* _What is needed_
Pictures in the data below are not part of the copy; transcribe everything else exactly.

* _The data_
════════════════════

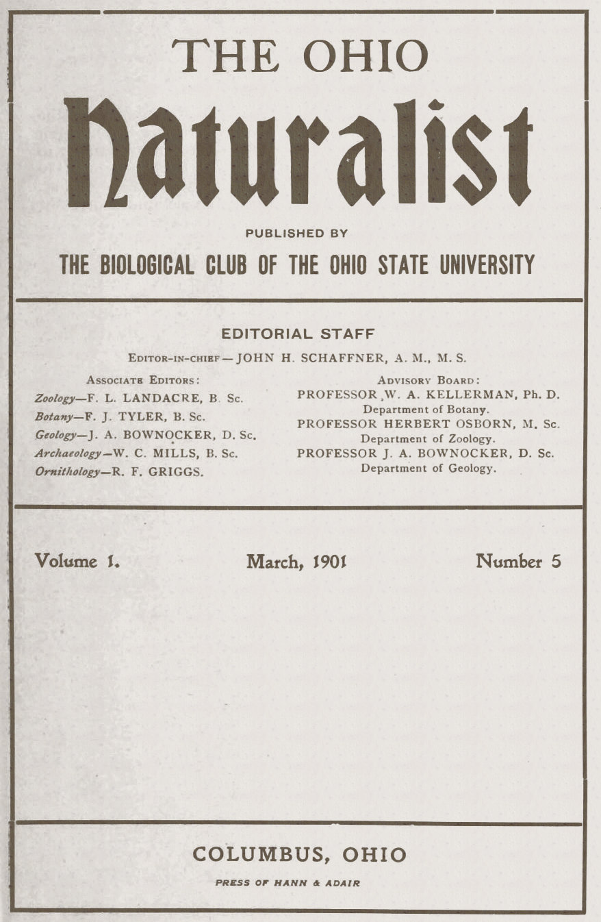 A journal devoted more especially to the natural history of Ohio. The official organ of The Biological Club of the Ohio State University. Published monthly during the academic year, from November to June (8 numbers). Price 50 cents per year, payable in advance. To foreign countries, 75 cents. Single copies 10 cents.
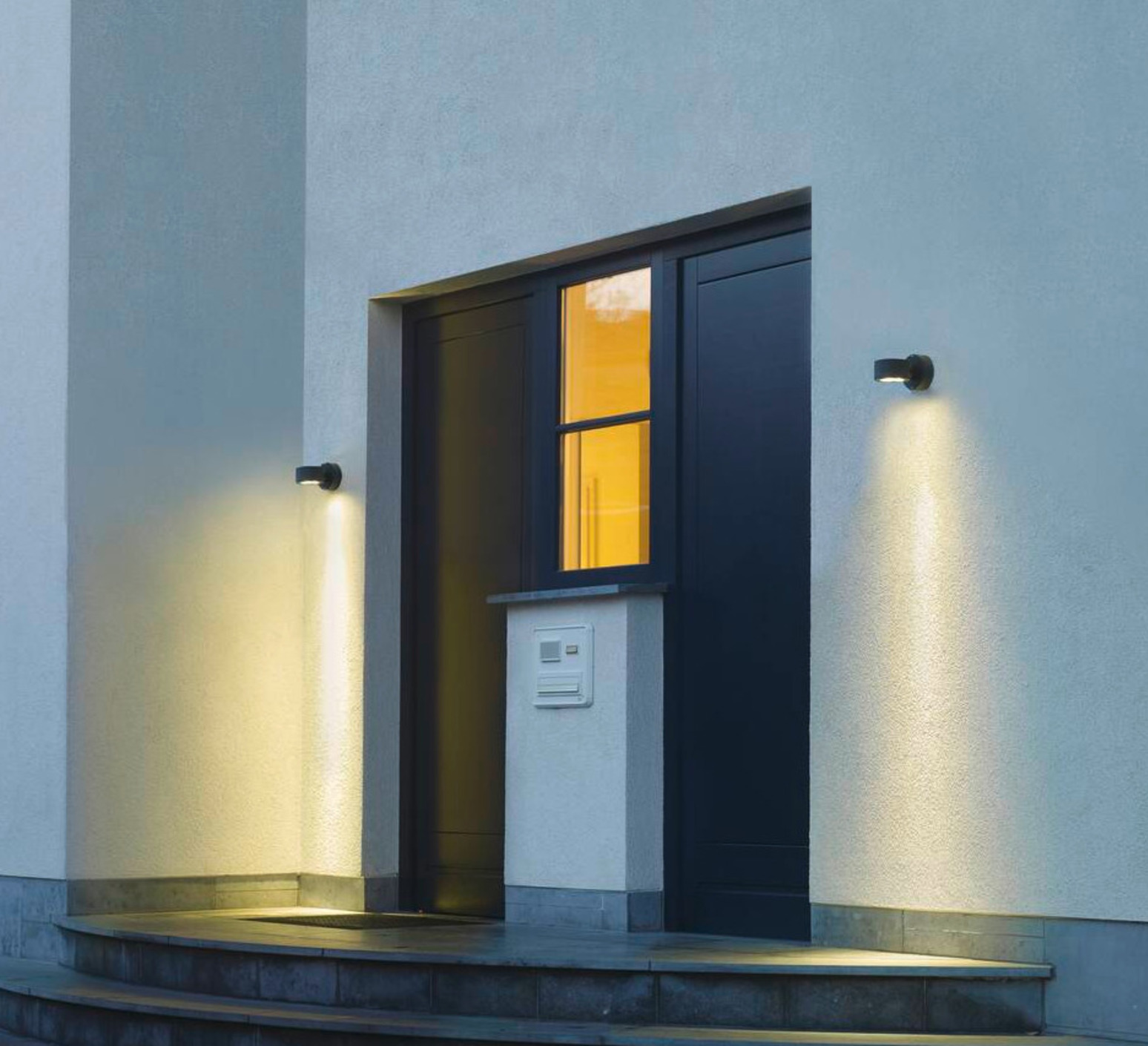 Wir empfehlen diese Wandleuchte als Komposition, mit der Sie Ihre Fassade, Ihren Vorbau, Ihre Treppe oder auch Ihre Terrasse ausstatten können.
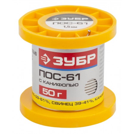 Припой ПОС 61 Зубр 55450-050-15C применяется для лужения и пайки элементов электро- и радиоаппаратуры, печатных схем, точных приборов с герметичными швами, где недопустим перегрев, пайка жести, обмоток электрических машин, монтажных элементов, моточных и кабельных изделий, радиаторов и листового цинка, оцинкованных деталей холодильных агрегатов, теплообменников, электроламп, кабельных оболочек, тонколистовой упаковки. Припой с 61% содержанием олова и 39% содержанием свинца оптимально подходит в случаях, когда элементы для спайки нельзя перегревать. Продукция предназначена для профессионального использования. Припой имеет высший уровень качества и прошёл спектральную и химическую проверку. Соответствует ГОСТ 21931-76.

════════════════════

* _Expected answer_
 A journal devoted more especially to the natural history of Ohio. The official organ of The Biological Club of the Ohio State University. Published monthly during the academic year, from November to June (8 numbers). Price 50 cents per year, payable in advance. To foreign countries, 75 cents. Single copies 10 cents.
 Wir empfehlen diese Wandleuchte als Komposition, mit der Sie Ihre Fassade, Ihren Vorbau, Ihre Treppe oder auch Ihre Terrasse ausstatten können.
 Припой ПОС 61 Зубр 55450-050-15C применяется для лужения и пайки элементов электро- и радиоаппаратуры, печатных схем, точных приборов с герметичными швами, где недопустим перегрев, пайка жести, обмоток электрических машин, монтажных элементов, моточных и кабельных изделий, радиаторов и листового цинка, оцинкованных деталей холодильных агрегатов, теплообменников, электроламп, кабельных оболочек, тонколистовой упаковки. Припой с 61% содержанием олова и 39% содержанием свинца оптимально подходит в случаях, когда элементы для спайки нельзя перегревать. Продукция предназначена для профессионального использования. Припой имеет высший уровень качества и прошёл спектральную и химическую проверку. Соответствует ГОСТ 21931-76.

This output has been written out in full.